Immich’s architecture is pretty straightforward, and the installation process seemed simple so I decided to try setting one up myself, and mounting the 21 TB NAS as its primary storage location.
I ended up getting a cheap Beelink server machine, installed Linux, and then went about the Immich setup using docker compose. The entire process took about 2 hours, but it would take less time now that I’ve gone through the process once.
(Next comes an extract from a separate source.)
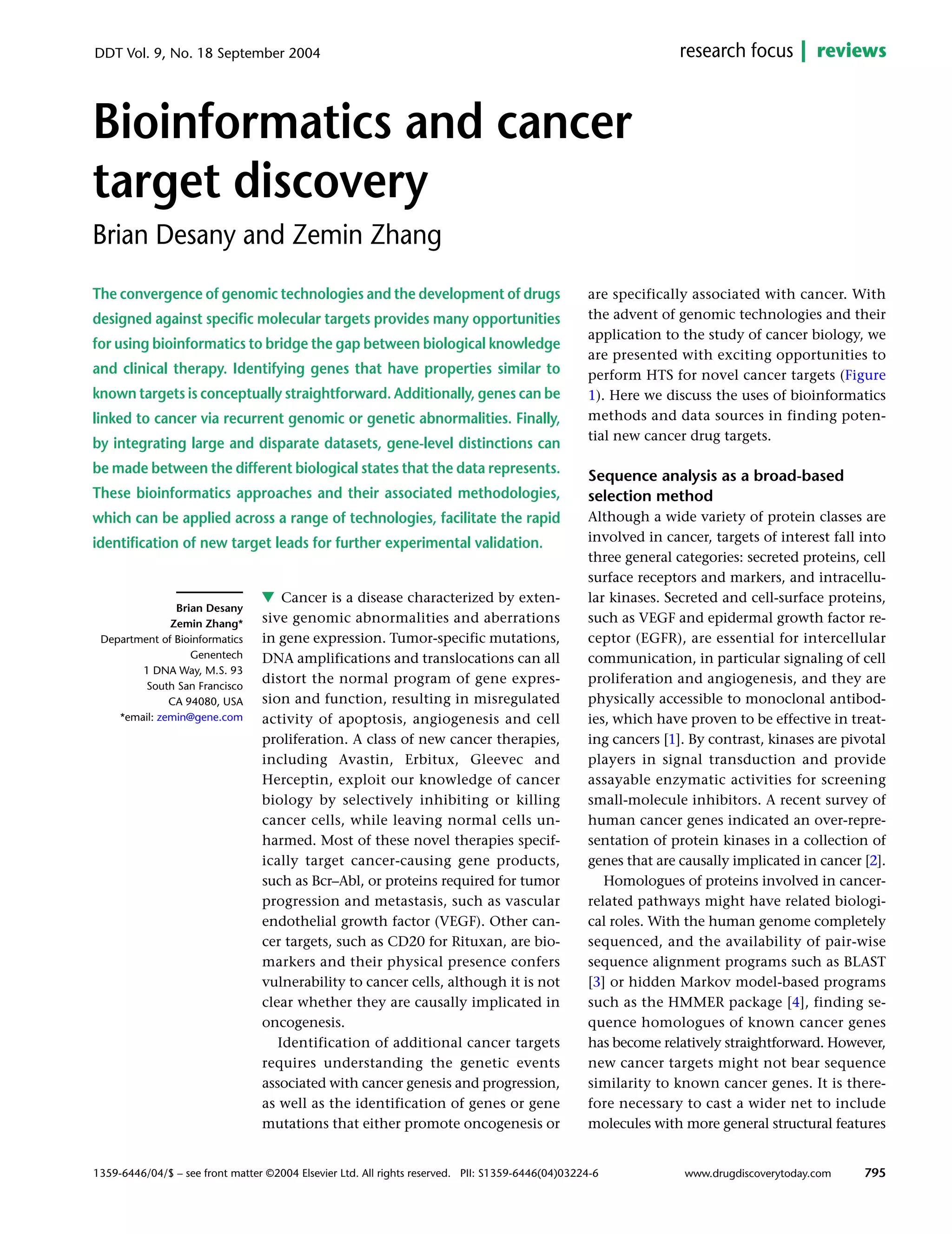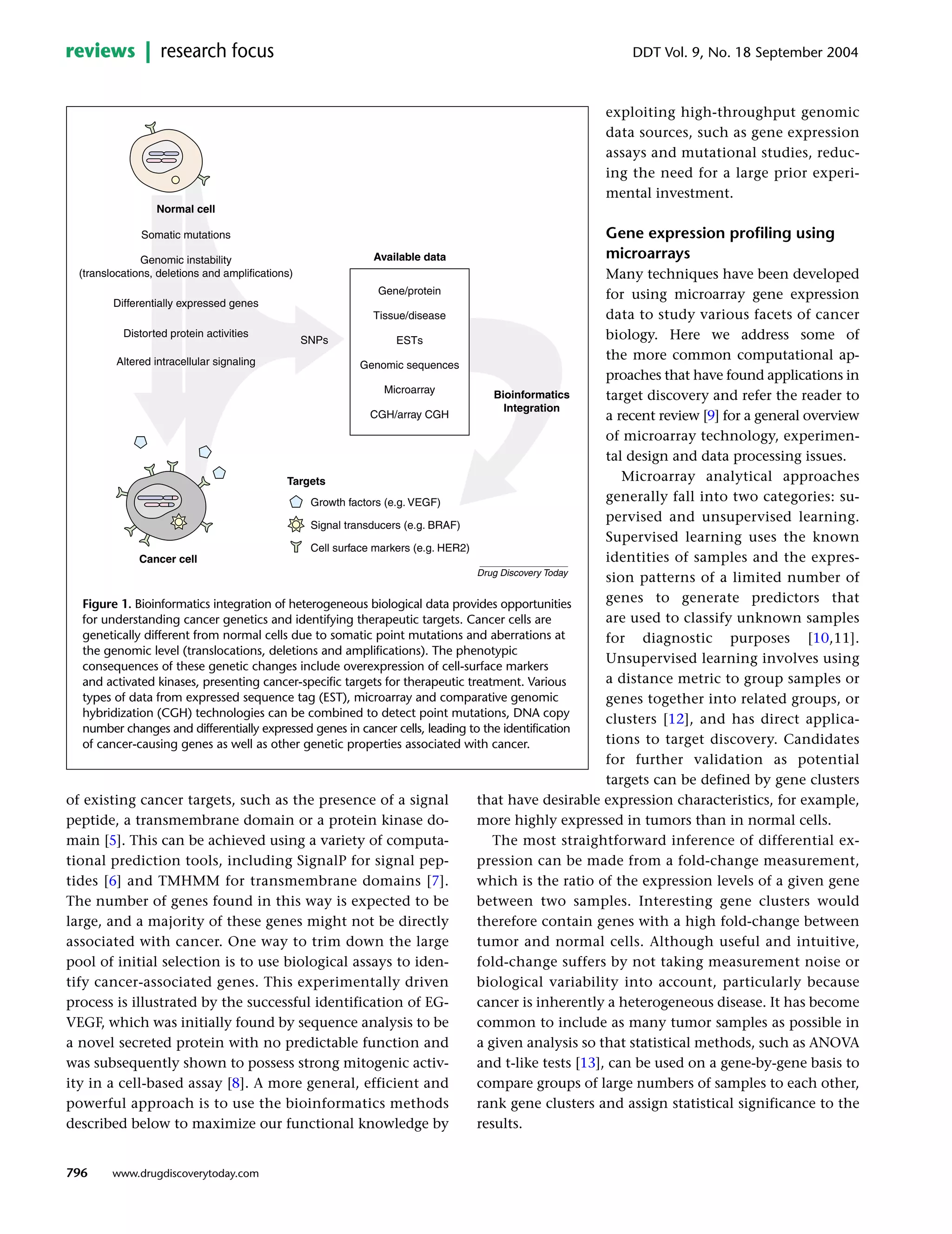 The document discusses how bioinformatics can be used to identify new cancer drug targets. It describes analyzing gene sequences to find homologs of known cancer genes. Microarray data can be mined to find genes that are differentially expressed in cancer versus normal tissues. Digital expression data from EST and SAGE tags provides an alternative to microarrays for expression profiling. Integrating diverse genomic and expression data through bioinformatics approaches facilitates rapid identification of potential new drug targets for experimental validation.

Once the server was set up, it’s just a matter of installing the phone app, pointing it to the server’s IP address, and then logging in. The phone app uploads your phone’s photos in the background. Once it’s been uploaded, the photo ingestion process includes indexing the photo, storing EXIF metadata like geodata, as well as using ML to extract semantic embeddings, detecting faces, and clustering them using DBSCAN. I tested it out in the app, and filtered for pictures of my wife and my child in Washington in order to get back all of my family pictures we took during a recent Seattle trip. It was seamless.
However, this server is only set up for local use - we would only be able to access photo storage and back up photos when we’re at home. This is where Tailscale comes in. Tailscale offers a free tier personal VPN service which essentially allows you to add any device which has tailscale installed to its own network. So, I installed tailscale onto the server, as well as on every phone that needed access to that server (the app is lightweight, and only needs to be interfaced with during setup), and viola - now we have Immich access wherever we have internet.
All in all, the additional hardware I had to purchase was a little over $200 - less than 2 years of iCloud subscriptions, well worth the investment.
Looking back, small projects like this would not have been approachable without the experience I gained through my career with random development technologies, like devcontainers, postgres db, linux, ML, etc. It’s always exciting when my work skills can be utilized in my personal life.